Who will benefit from China’s online gambling boom in the Philippines? (Part 2)

Perfect location

Despite fierce claims against gambling by President Rodrigo Duterte, the Chinese have found their gambling “paradise” in the Philippines.

Alvin Camba, a graduate student at Johns Hopkins University, specializing in the political economy of foreign capital in China, said that the boom of the service industry and economic freedom in the Philippines was the perfect condition for development. online gambling development. Gambling does not threaten the local market, even providing employment.

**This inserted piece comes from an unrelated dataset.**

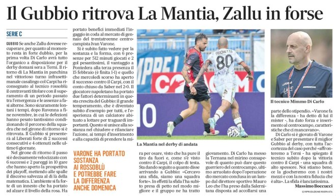 Di Carlo si è giovato di Varone e Saber per presentare il miglior Gubbio al derby, con tutta l’accortezza del caso perché «affronteremo a Terni – ha spiegato il tecnico subito dopo la vittoria contro il Carpi – una squadra di alto spessore. Noi stiamo bene, ce la giocheremo con i nostri mezzi e con la nostra fiducia che è alta». La sfida è lanciatissima.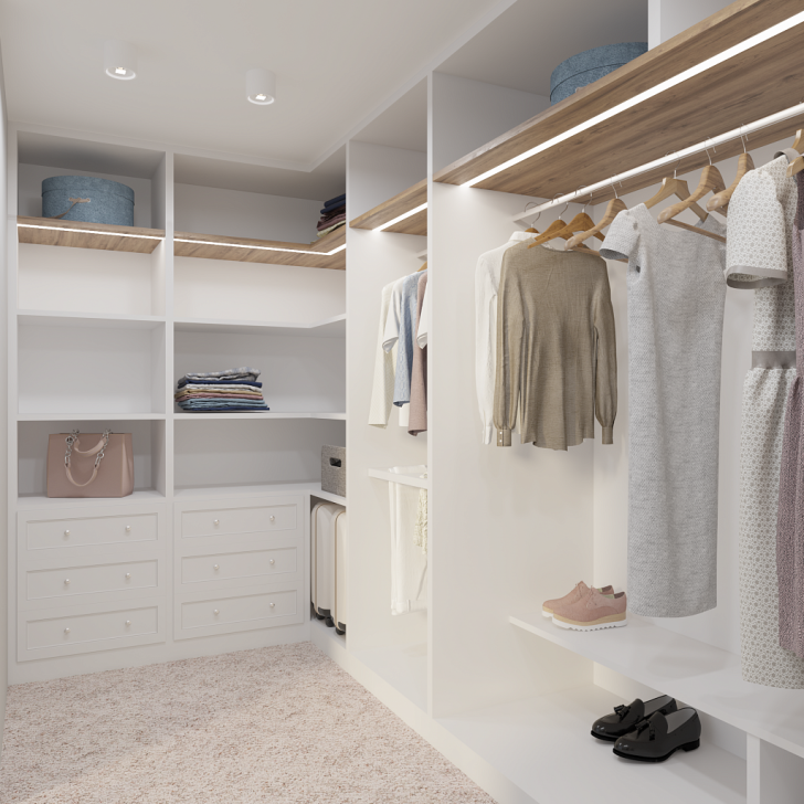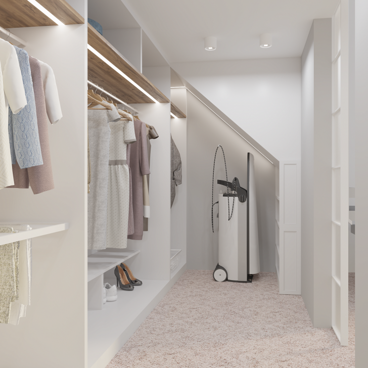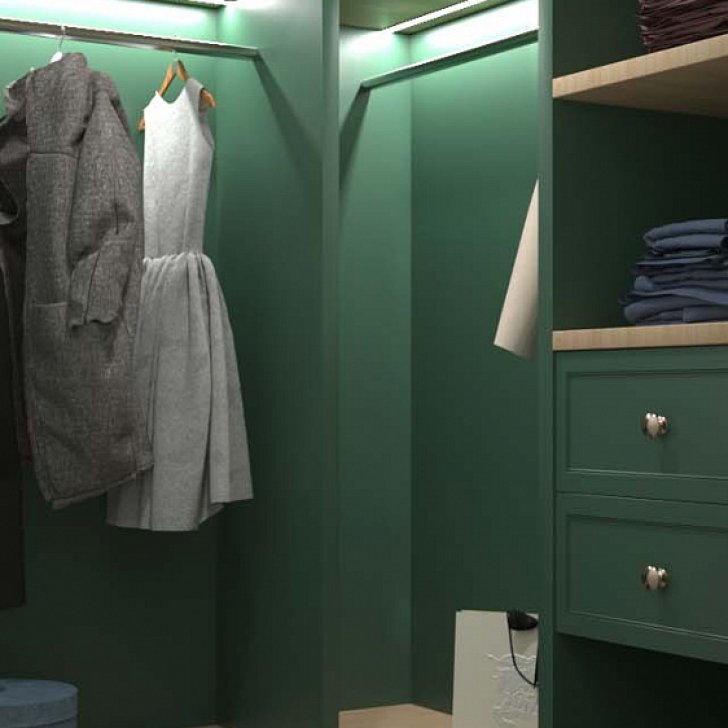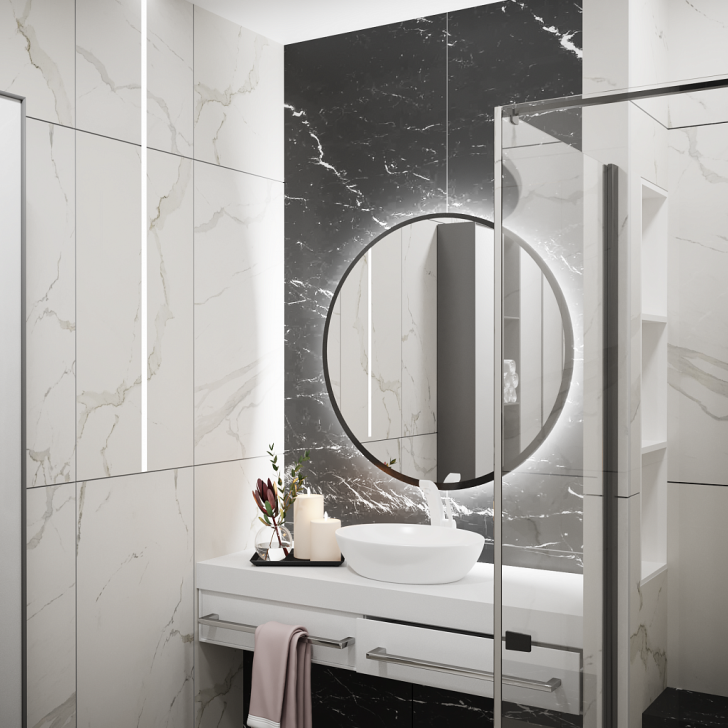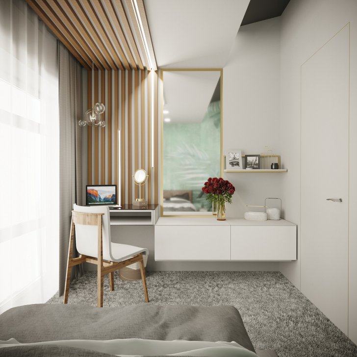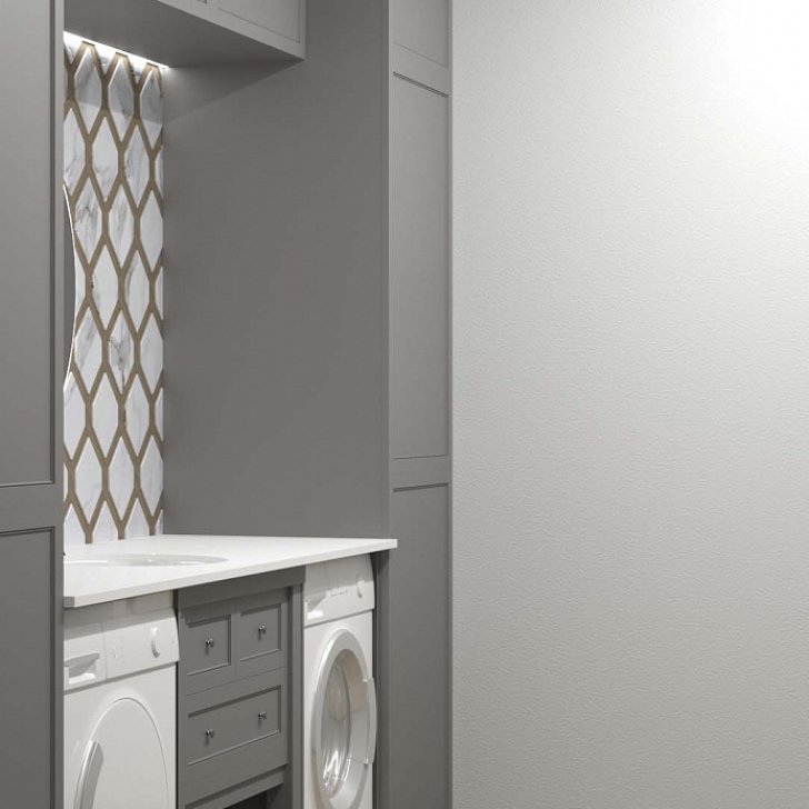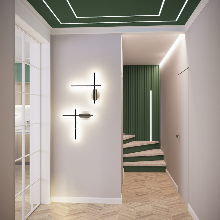 В проекте светлой современной квартиры активно используется светодиодное освещение. Объединяющим элементом помещений становятся световые линии, будто между прочим возникающие на стенах, потолках или мебели почти в каждом пространстве. Такой тип освещения реализуется с помощью особенных встраиваемых профилей и экранов, внутрь которых устанавливается светодиодная лента. Для данного проекта была выбрана лента дневного белого цвета.

But what really drives the online game industry in this country is Mr. Duterte’s fight against entrepreneur PhilWeb’s PhilWeb. This is a listed company specializing in providing gaming services and operating e-Games casinos.

In 2016, Mr. Duterte announced that he would “destroy” Ongpin, who owns about US $3.26 billion of assets. That statement led to Ongpin’s resignation. He sold off 53% of his stake in the company for $38.2 million.

The move by the Philippine president also led the Philippines Entertainment and Gambling Group (Pagcor) under the government to terminate the 13-year contract with Philweb. Philweb no longer has a monopoly business, gaming licenses are sold outside of special economic zones.

Phiweb under Ongpin did not regularly deal with Chinese companies because of the previous policies of former President Benigno Aquino III. After the contract ended, Pagcor regained the right to sell licenses and open the market to foreign gambling companies, including Chinese online game companies.

How to operate gambling activities

To operate, foreign companies must cooperate with operators based in the Philippines or abroad. They will provide game companies with platform and services such as marketing and technical support. The operators then had to get a license that cost about $120,000 from Pagcor, with an extension of about 3 years.

To start operating, each game company needs to spend about $900,000, including $120,000 for game providers, $120,000 for live streaming providers, 60,000 for local partners, $120,000 for relationships. customers, plus fees paid to Pagcor.

According to Jake, the company he worked with was not monitored by Pagcor because he used another information technology company as a cover. But games like poker, roulette, sports betting are all done in other countries like Turkey and Russia.